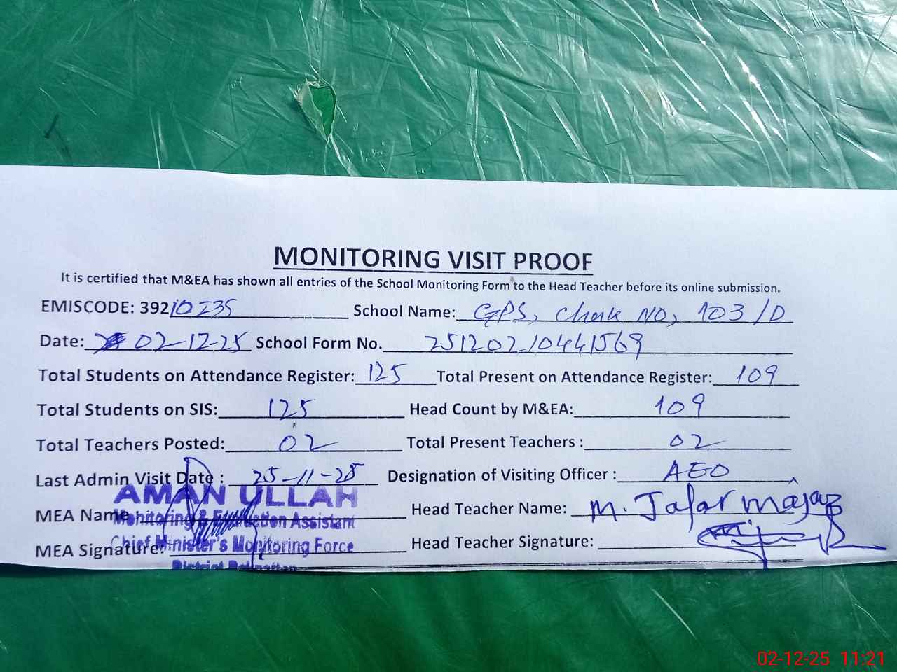 | EMIS Code: 39210235 | Name of School: GPS CHAK NO. 103 D | |||
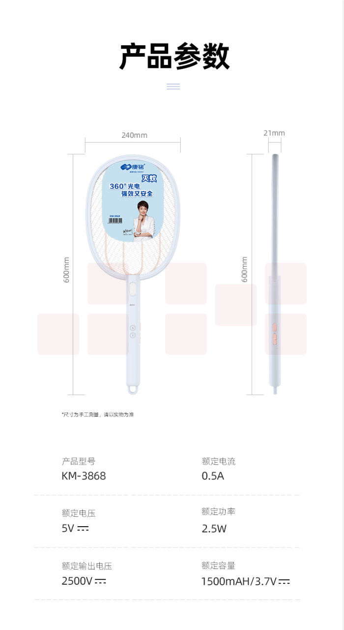 康铭电蚊拍 苍蝇拍 充电式蚊蝇拍KM-3868
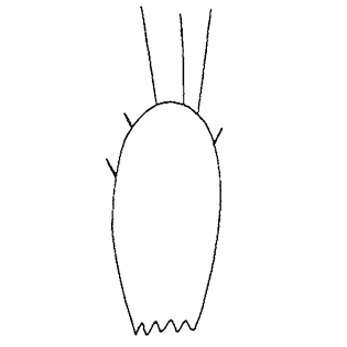 | 28 | Apertural scales are oval with a small triangular medial tooth and 4-5 lateral | 29 |
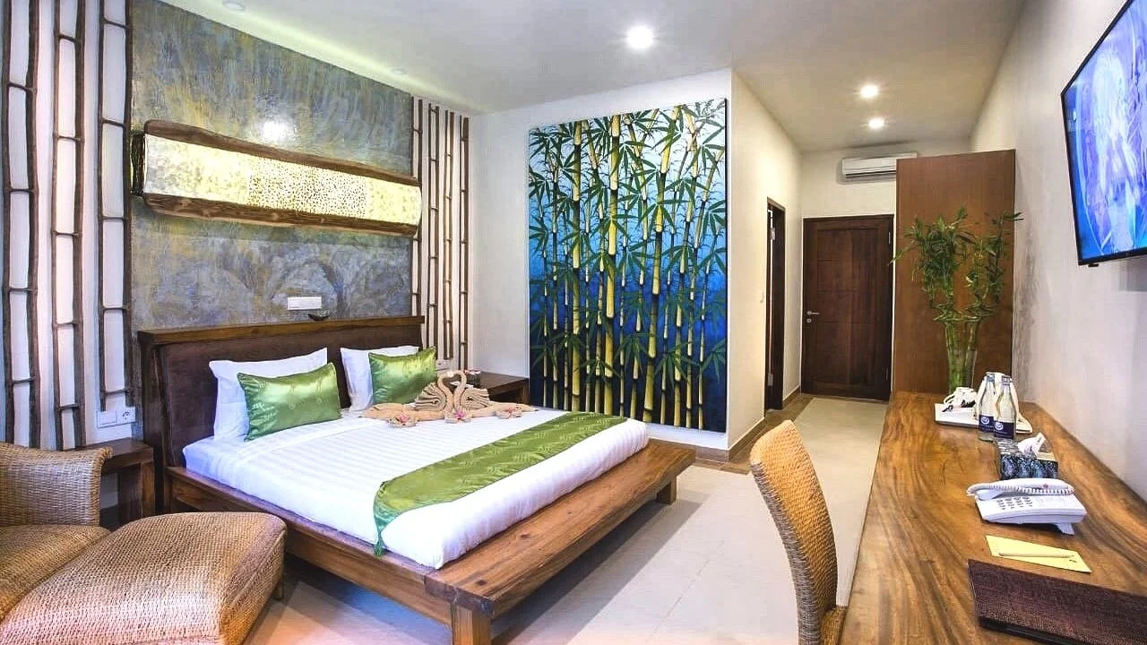 Furnished with Suar wood which has unique patterns and diverse shades of brown and floored with natural marble these rooms elegantly blend the warmth of natural woods and charm of a tropical island with luxury.
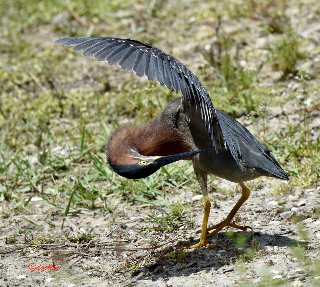 Green heron grooming. North Port Florida
- - - -
Problem requirements: This exercise needs every entry retyped exactly, with the pictures removed.

Solution:
 | EMIS Code: 39210235 | Name of School: GPS CHAK NO. 103 D | |||
 康铭电蚊拍 苍蝇拍 充电式蚊蝇拍KM-3868
 | 28 | Apertural scales are oval with a small triangular medial tooth and 4-5 lateral | 29 |
 Furnished with Suar wood which has unique patterns and diverse shades of brown and floored with natural marble these rooms elegantly blend the warmth of natural woods and charm of a tropical island with luxury.
 Green heron grooming. North Port Florida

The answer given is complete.